M.S.: As director of the West Bund Art & Design, you deal (or have to) with the art market, what is it like being an artist and a fair director at the same time?

Z.T.: The shifts between these identities are natural. Thanks to the long involvement and direct experience in the art industry, when the time comes, it occurs naturally.
Talking about fairs, I first went to Basel in 1997 to visit Art Basel, then in 2000 I joined Basel’s “Statement” session as an artist. Since then, I either participated or simply visited all the major international art fairs. In this process, I gained my own comprehension; I have been observing  the increasingly homogeneous phenomenon among many of these events, which makes me feel that there is still room and much potential to produce more and unique exhibitions.
For this reason in 2014, when the West Bund Artistic Center invited me to organise the fair and showed me the space (a former aircraft manufacturing factory), I felt I could undertake this project.

M.S.:  Which are your expectations for this edition of West Bund Art & Design fair? Is there any artist in particular you are looking forward to seeing?

Z.T.: I hope that West Bund Fair will be able to maintain its own features in a stable scale.
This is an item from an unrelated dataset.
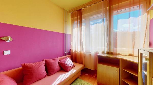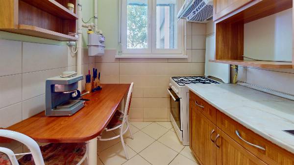 Azonnali költözés lehetőségével eladó Debrecen, Vargakert utcai, 4 emeletes társasház, 3.emeletén egy 2 szobás (13 és 15 m2) + étkezős (10 m2), 61 m2-es, felújított, szép állapotú lakás. Külső nyílászárók cseréje megtörtént, műanyag szerkezetű, hőszigetelt üvegezésű ablakokra, illetve a bejárati ajtó is cserlve lett. Közös költség 13.000.Ft/hó, fűtés házközponti, költségosztóval, melynek és a köztes elhelyezkedésnek köszönhetően az éves fűtési költség 60.000.- Ft alatt van. Tűzhely gázüzemű, saját gázmérővel, melegvíz Ariston típusú, intelligens tárolós bojlerről biztosíttott. Az étkezőben felszerelésre került egy YORK típusú klíma, mely az egész lakás hűtéséről gondoskodik. Felújításra került kompletten a fürdőszoba, konyha, előszoba, WC, a burkolatok, részben a villanyvezetékek. A lakás kedvelt, jó környéken található, a szobák a csendes, belső ősfás park felé nyílnak. Parkolás az utcán lehetséges, mely ingyenes, buszmegálló 100 m-en belül, a város minden irányába közlekedő járatokkal. Bolt, óvoda, iskola sétatávolságban. Az ingatlan per-és tehermentes, 1/1 tulajdon, nem lakott, azonnal költözhető. A fotókon látható ingóságok külön megbeszélés tárgyát képezik.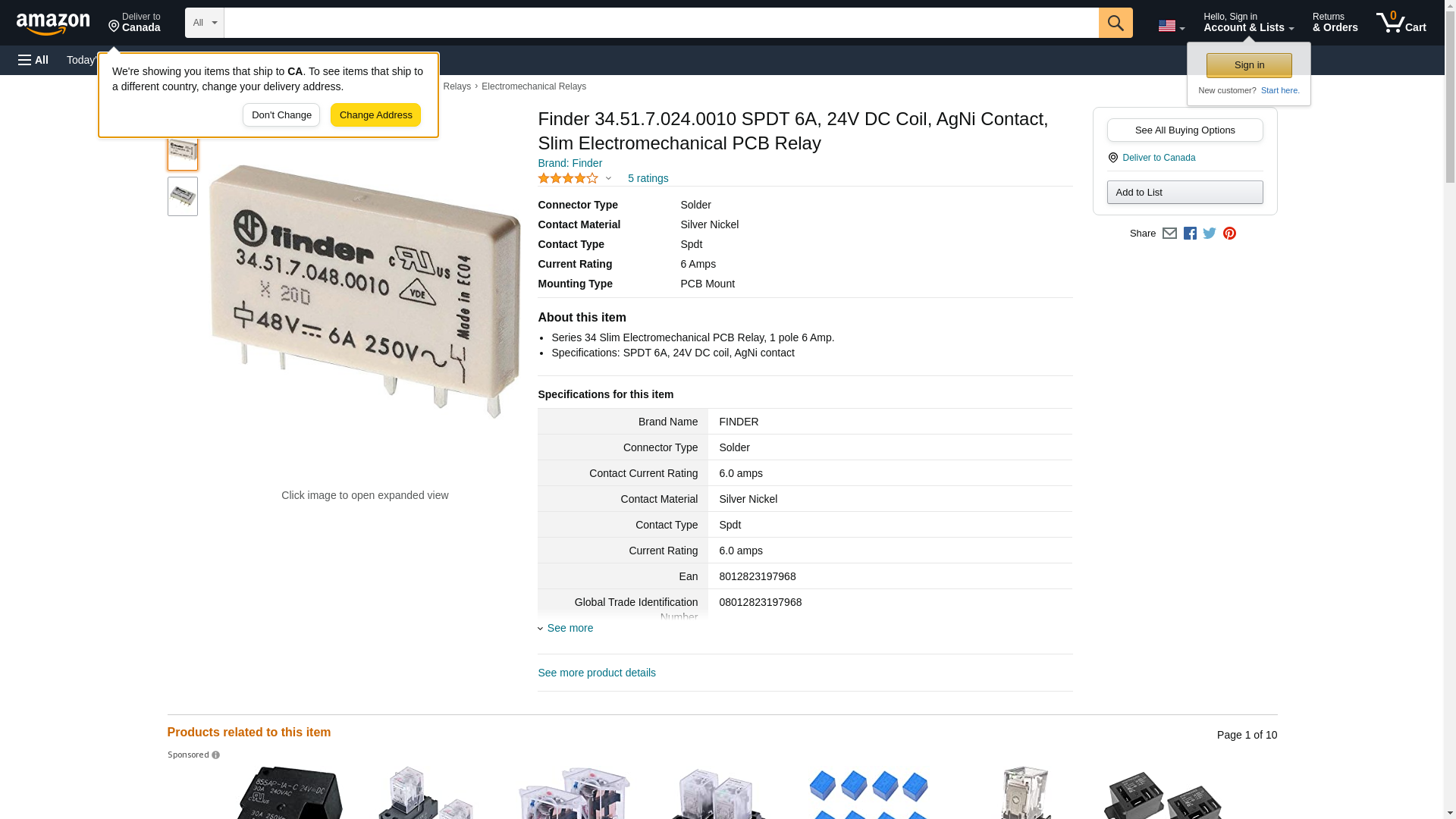 Series 34 Slim Electromechanical PCB Relay, 1 pole 6 Amp. Specifications: SPDT 6A, 24V DC coil, AgNi contact.

We have involved important international and outstanding galleries with “an attitude”. Besides that, the delicate, user-friendly exhibition design, enables the visitors to feel comfortable in this surrounding, inviting them not only to focus on works of art, but also to enjoy the fair, allowing them to experience its atmosphere as a whole. I believe that the participation of our fabulous lineup of galleries will continue to bring us surprising works of art.

M.S.: For all those who are visiting Shanghai from abroad, could you suggest five art spaces not to be missed?

Z.T.: The West Bund is the most worth visiting place, you should spend there a whole day, or an even longer period of time to see it all. Long Museum (West Bund), Yuz Museum and Shanghai Center of Photography (SCôP) constantly promote important domestic and international exhibitions. More and more galleries and project spaces have settled down in West Bund: ShanghART Gallery, Aike Dellarco Gallery, Qiao Space, Madein Gallery and the new space of Edouard Malingue. In West Bund art lovers can experience the most dynamic side of contemporary art. Power Station of Art and Rockbund Art Museum are also both worth a visit.